▽

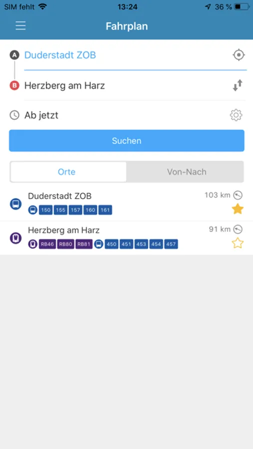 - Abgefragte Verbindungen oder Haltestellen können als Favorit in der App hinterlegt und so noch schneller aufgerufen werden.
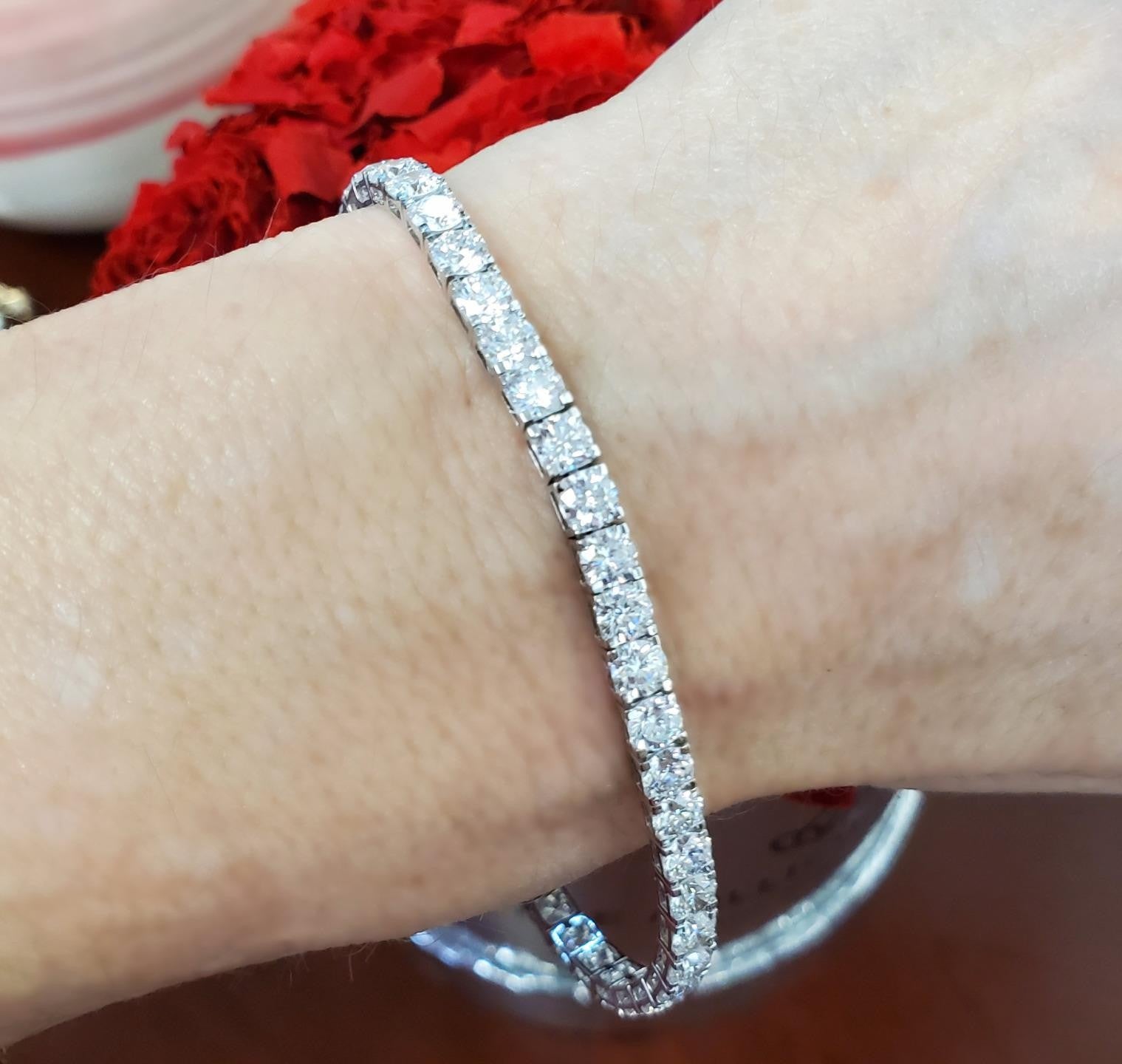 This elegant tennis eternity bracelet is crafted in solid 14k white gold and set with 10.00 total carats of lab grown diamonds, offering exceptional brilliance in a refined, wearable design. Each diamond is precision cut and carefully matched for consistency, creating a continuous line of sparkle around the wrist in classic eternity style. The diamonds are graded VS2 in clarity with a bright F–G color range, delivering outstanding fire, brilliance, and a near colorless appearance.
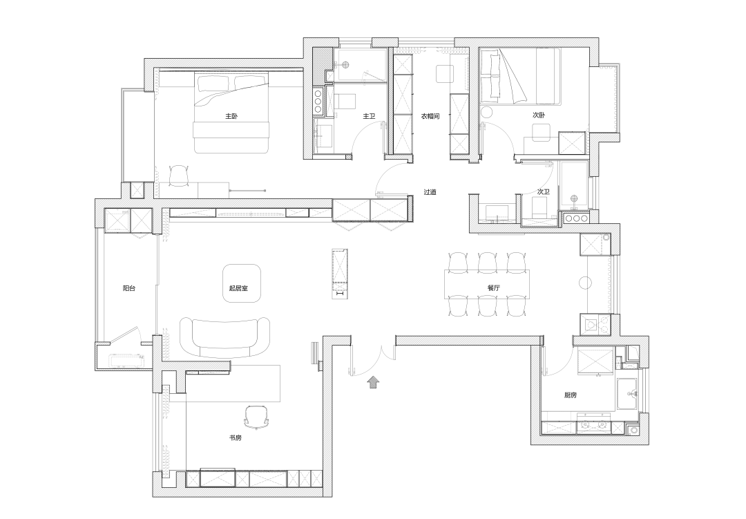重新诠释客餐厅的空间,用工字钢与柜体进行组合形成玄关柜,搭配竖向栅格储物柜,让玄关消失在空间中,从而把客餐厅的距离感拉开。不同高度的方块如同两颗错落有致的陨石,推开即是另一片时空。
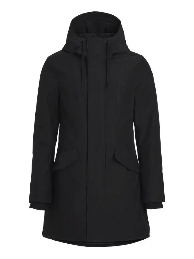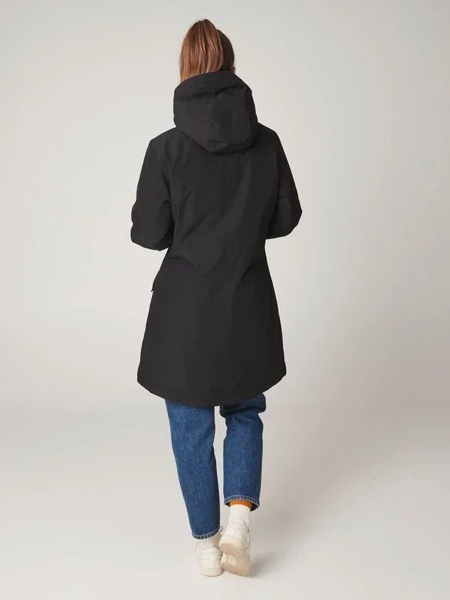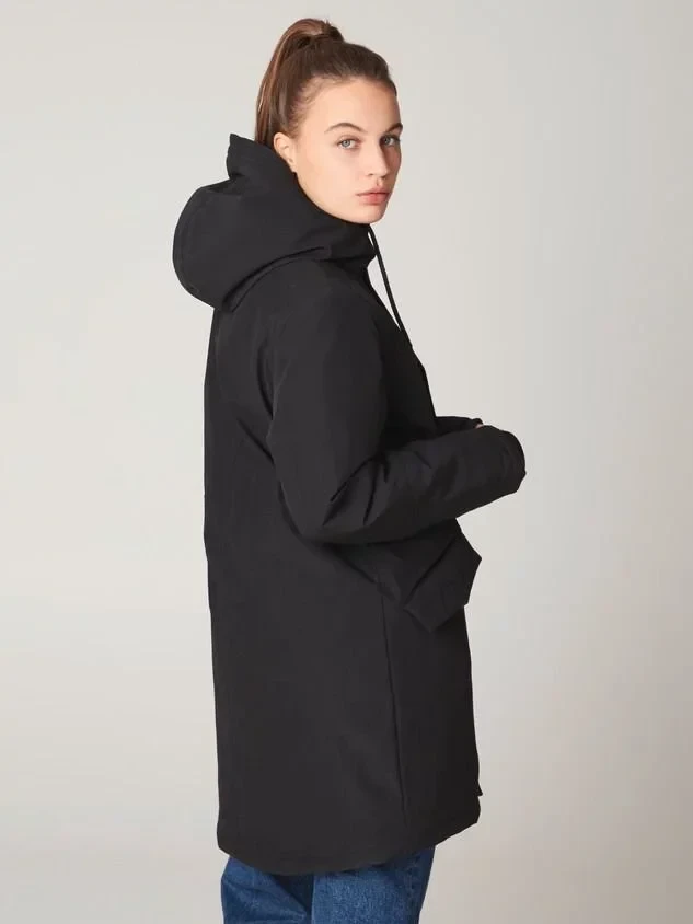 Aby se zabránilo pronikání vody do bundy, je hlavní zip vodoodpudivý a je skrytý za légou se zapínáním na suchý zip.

△
▽

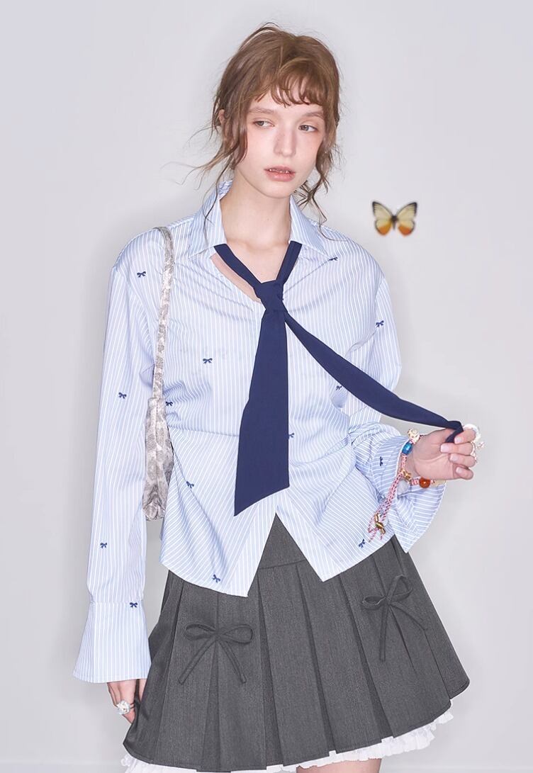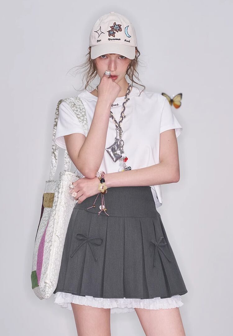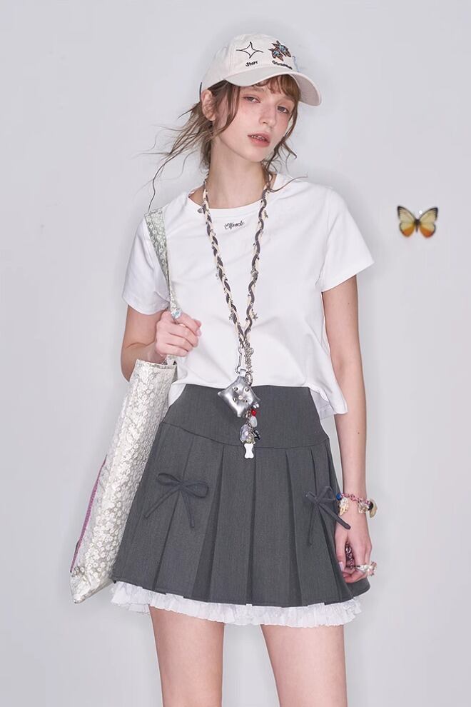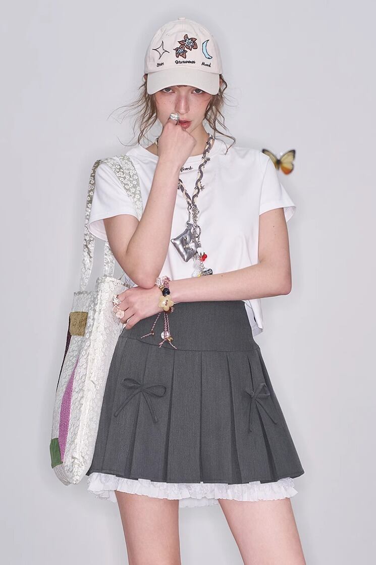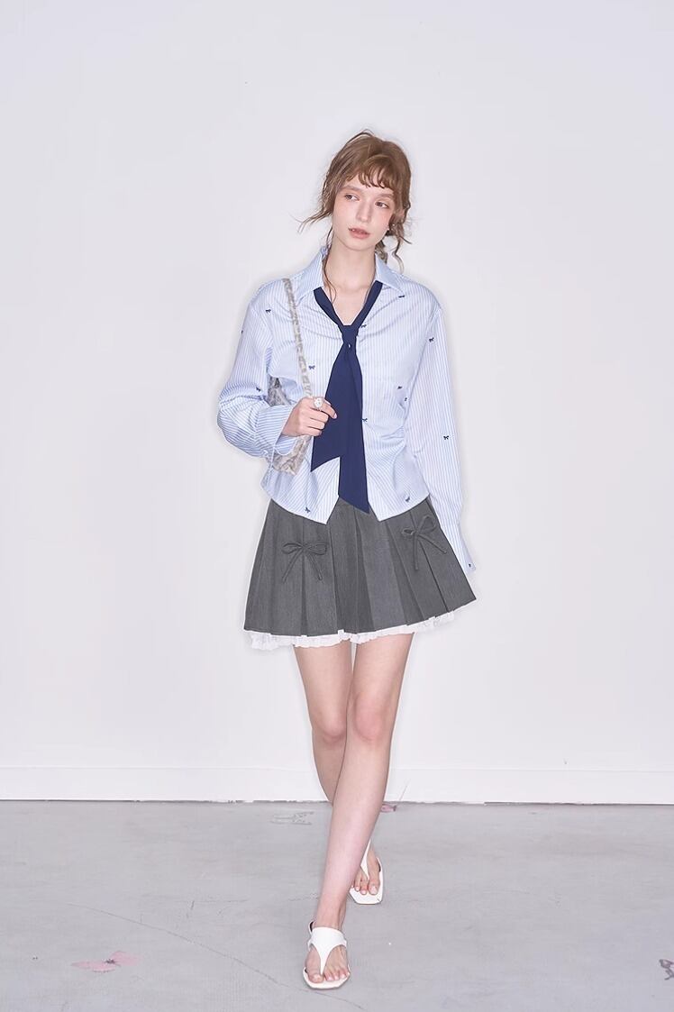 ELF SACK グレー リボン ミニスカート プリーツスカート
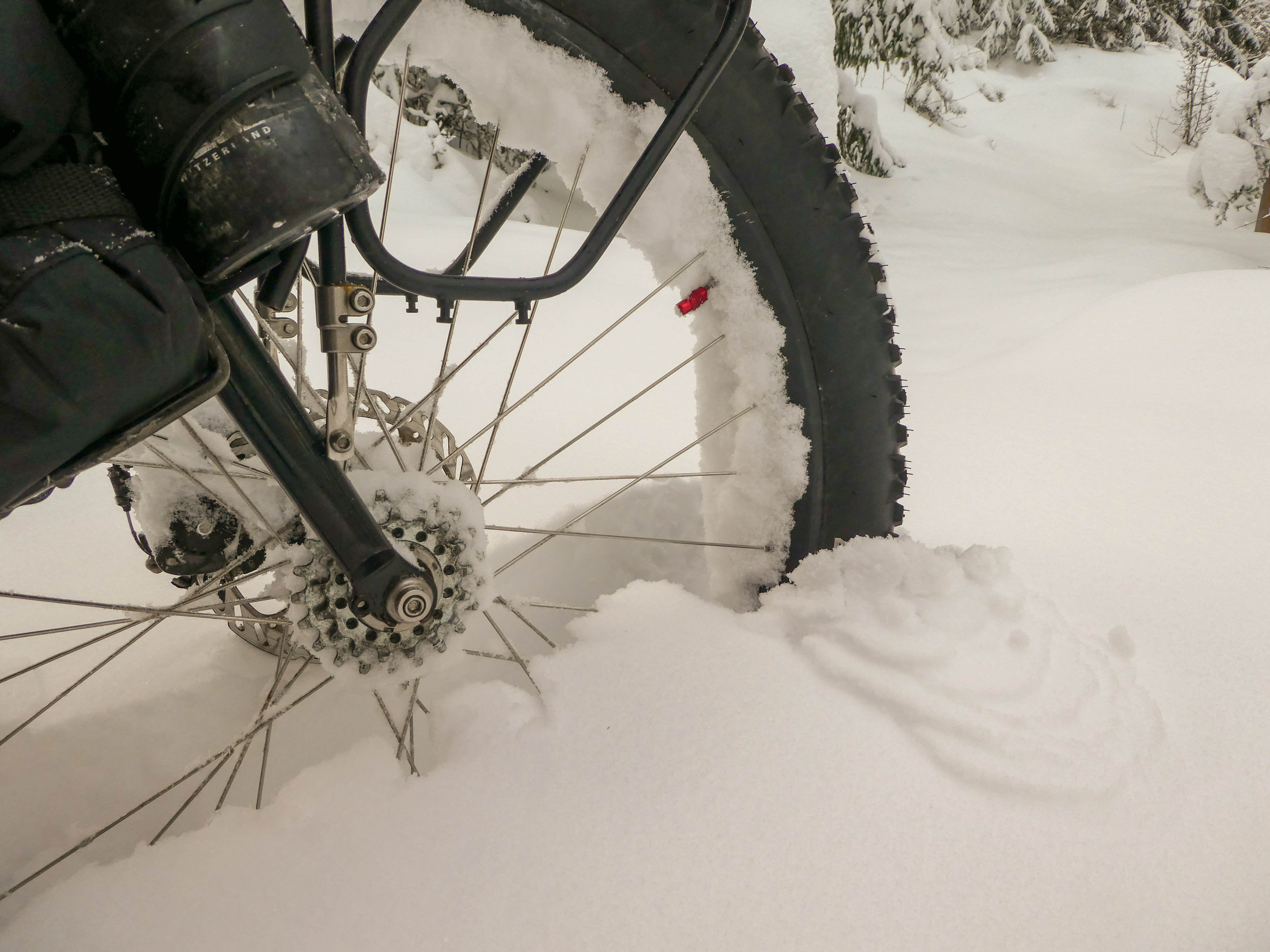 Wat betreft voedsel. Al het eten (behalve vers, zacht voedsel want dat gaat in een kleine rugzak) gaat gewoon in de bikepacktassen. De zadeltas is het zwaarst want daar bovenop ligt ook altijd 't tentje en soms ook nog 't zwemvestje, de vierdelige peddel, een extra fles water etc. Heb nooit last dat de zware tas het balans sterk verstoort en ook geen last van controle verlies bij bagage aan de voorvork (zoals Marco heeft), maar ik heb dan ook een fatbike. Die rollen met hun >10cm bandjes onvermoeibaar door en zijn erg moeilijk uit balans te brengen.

△

§ TASK PROMPT
Above are some records; extract exactly the lines from the one containing "This elegant tennis" through the one containing "Aby se zabránilo" and drop the pictures.

§ ANSWER AREA
 This elegant tennis eternity bracelet is crafted in solid 14k white gold and set with 10.00 total carats of lab grown diamonds, offering exceptional brilliance in a refined, wearable design. Each diamond is precision cut and carefully matched for consistency, creating a continuous line of sparkle around the wrist in classic eternity style. The diamonds are graded VS2 in clarity with a bright F–G color range, delivering outstanding fire, brilliance, and a near colorless appearance.
重新诠释客餐厅的空间,用工字钢与柜体进行组合形成玄关柜,搭配竖向栅格储物柜,让玄关消失在空间中,从而把客餐厅的距离感拉开。不同高度的方块如同两颗错落有致的陨石,推开即是另一片时空。
 Aby se zabránilo pronikání vody do bundy, je hlavní zip vodoodpudivý a je skrytý za légou se zapínáním na suchý zip.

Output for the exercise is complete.